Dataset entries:
::::::::::
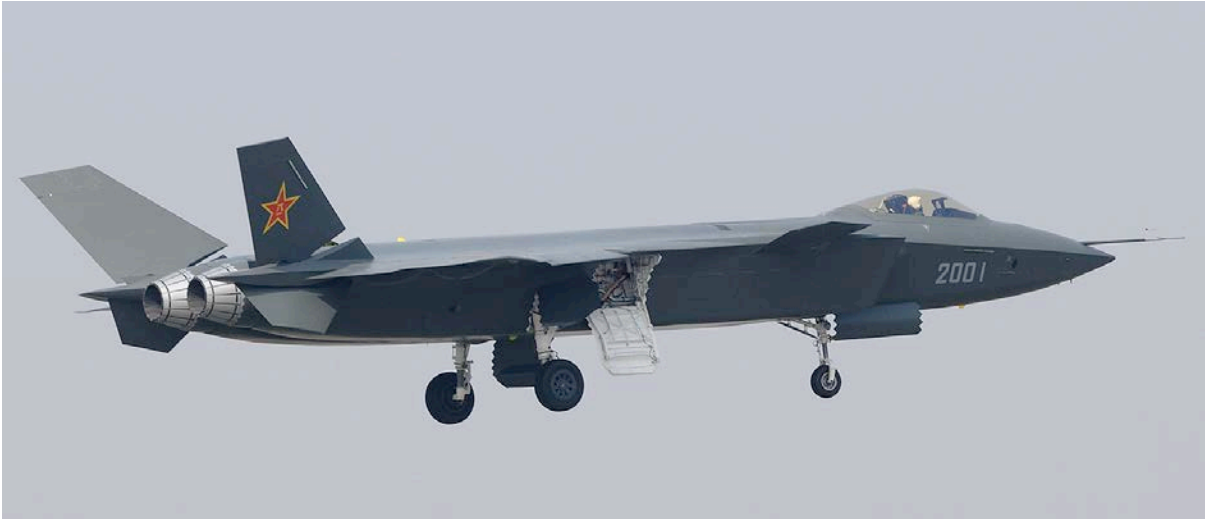
Prototype of the Chinese Chengdu J-20 supercruising high agility stealth fighter. The aircraft is now entering production, and was developed to compete with the US F-22A Raptor.
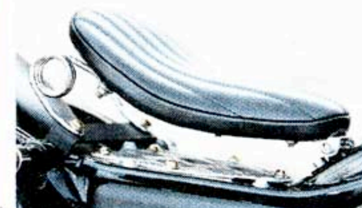
Sprung seat offers real comfort
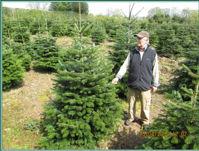
Ripon 3 miles
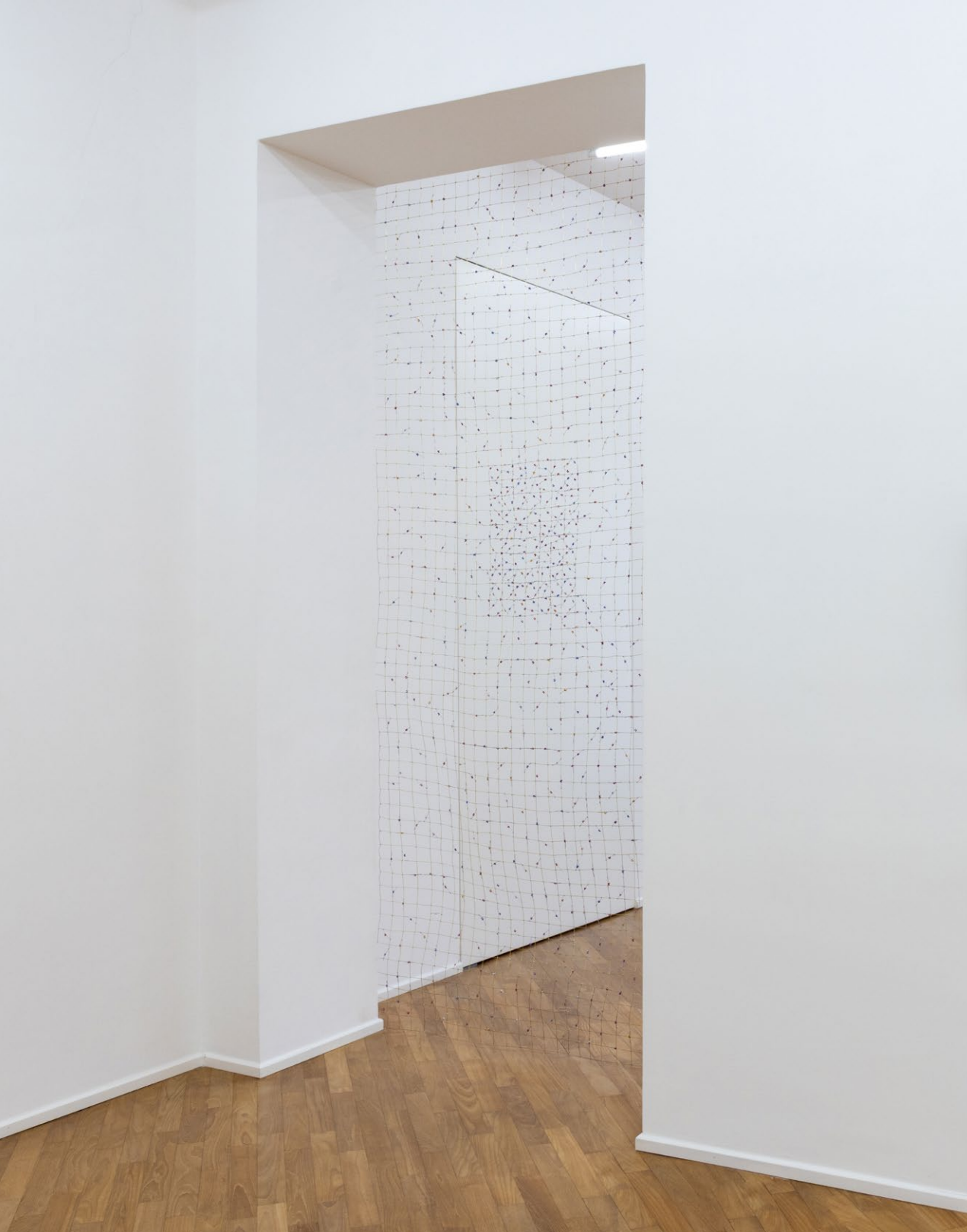
Guendalina Cerruti Tin Butterflies 2025 brass, tin, acrylic colours cm 300 x 140
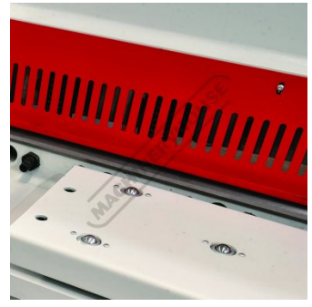
Ball transfer table
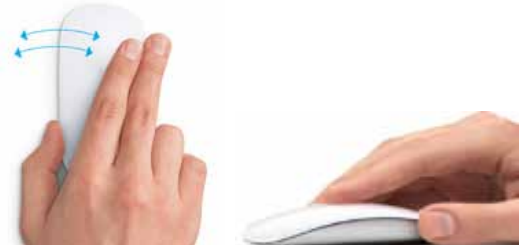
The wireless, button-less, multi-touch Magic Mouse.

On October 20 Apple released newly redesigned iMacs, an update to the base model Macbook, speed-bumped Mac minis and an all-new Magic Mouse.
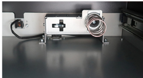
Solid Release Mechanism for more strong and security
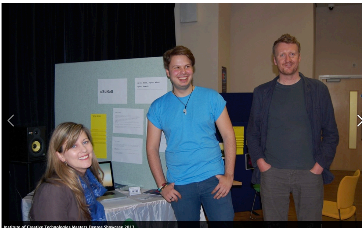
Institute of Creative Technologies Masters Degree Showcase 2013
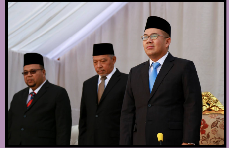
HRH Dr. Tengku Muhammad Fa-Iz Petra Ibni Sultan Ismail Petra, the Regent and Crown Prince of the State of Kelantan undertook a working visit to Cairo, Egypt on 9-11 February 2017. During the visit, the latter officiated the new Student's Residential Hostel of Kelantan in Nasr City, Cairo on 10 February 2017.
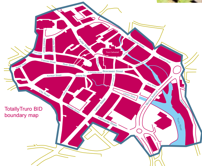
TotallyTruro BID boundary map
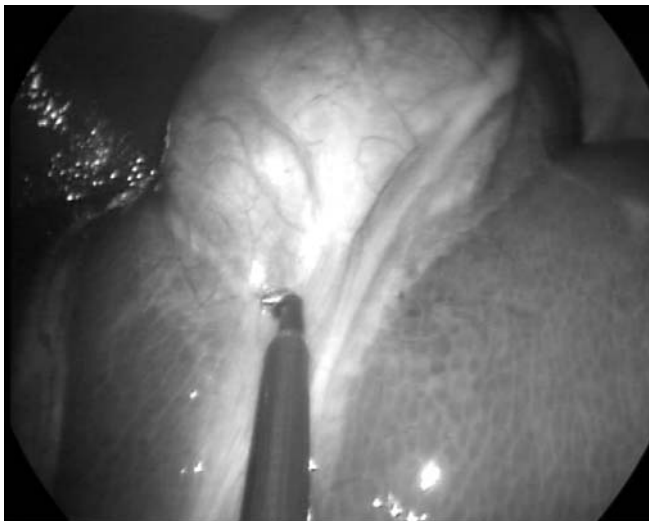
Figure 2. The semi-rigid hook is used to dissect the cystic duct.
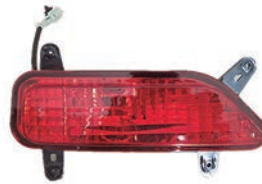
LANT P/CHOQUE TRAS C/SOQ 28588 - LD - RF 28589 - LE - RF
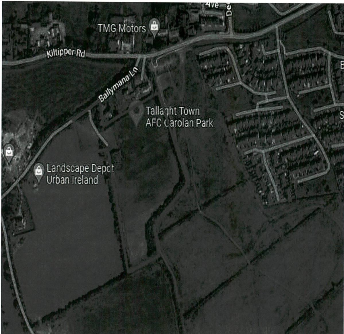
Figure 2: Existing Site

Smaller training pitches are located to the south of the main pitch and are separated from same by a barrier which surrounds the main pitch. A line of floodlights is located between the pitches with a second at the northern boundary.
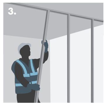
Twisting Knauf ^\prime C^\prime Stud into position.
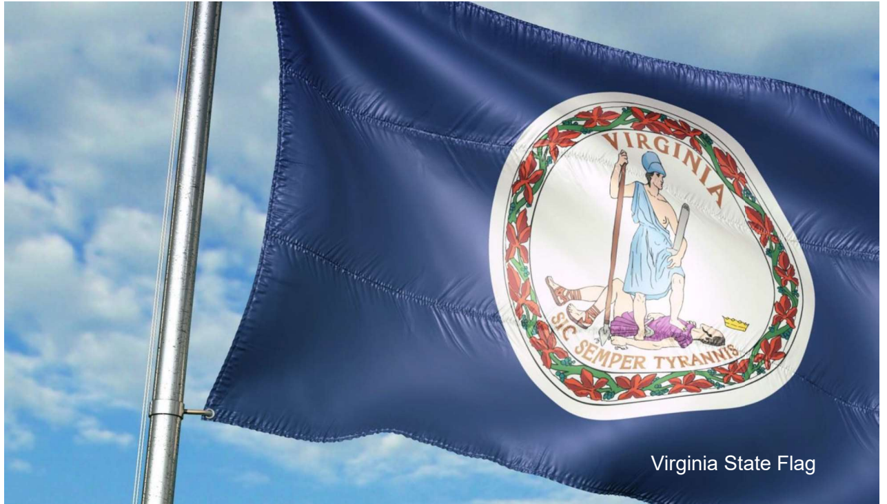
Virginia State Flag
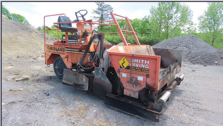
'10 MIDLAND SPR-6

2022 WEILER Model 385B Crawler Paver , s/n 003512, powered by Cat C3.4B diesel engine and hydraulic drive, equipped with 8' – 15'6" electric heated screed, manual crown, and washdown system. In good condition with good undercarriage. (Meter Reads 2,388 Hours) (Purchased New)
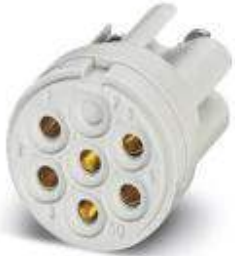
Contact insert, Number of positions: 6, Type of contact: Socket, Screw connection

Please be informed that the data shown in this PDF Document is generated from our Online Catalog. Please find the complete data in the user's documentation. Our General Terms of Use for Downloads are valid ( http://phoenixcontact.com/download )
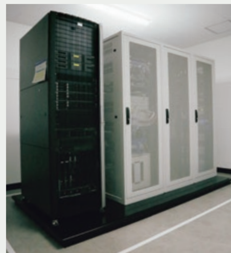
Servers in our new emergency shelter, safeguarded by seismic isolation
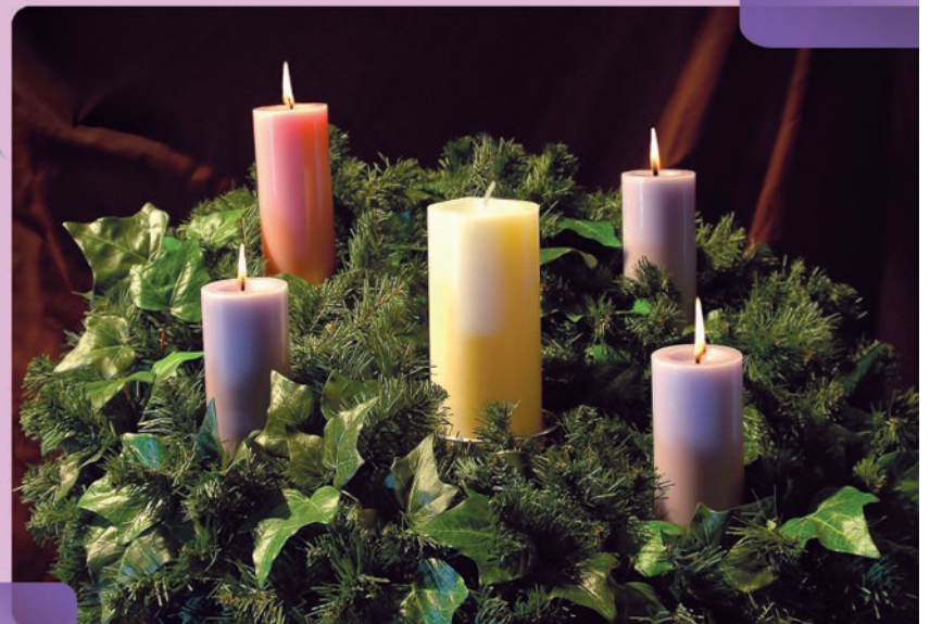
Cover design ©Liturgical Publications Inc.
::::::::::
PROBLEM DESCRIPTION:
Within the records above, find every line holding the word "Mouse" and give the total as a bare number.

THE ANSWER:
2